(Entries shown Opens)

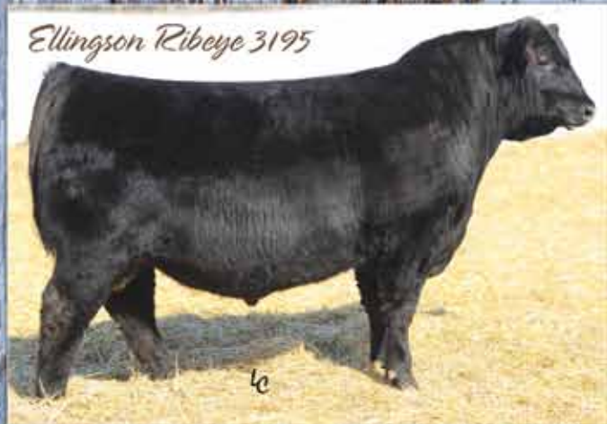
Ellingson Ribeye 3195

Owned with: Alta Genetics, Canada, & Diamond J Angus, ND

(Entries shown Closes)
(Entries shown Opens)

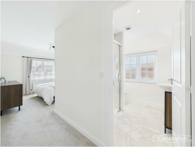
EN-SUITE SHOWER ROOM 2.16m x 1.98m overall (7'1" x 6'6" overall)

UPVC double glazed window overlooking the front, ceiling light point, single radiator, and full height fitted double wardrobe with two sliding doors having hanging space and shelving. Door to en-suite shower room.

(Entries shown Closes)

▶ _Prompt_
From the entries above, give again exactly the lines running from the line with "Ellingson Ribeye 3195" to the line with "Owned with: Alta"; include both of those lines.

▶ _Result for this exercise_
Ellingson Ribeye 3195

Owned with: Alta Genetics, Canada, & Diamond J Angus, ND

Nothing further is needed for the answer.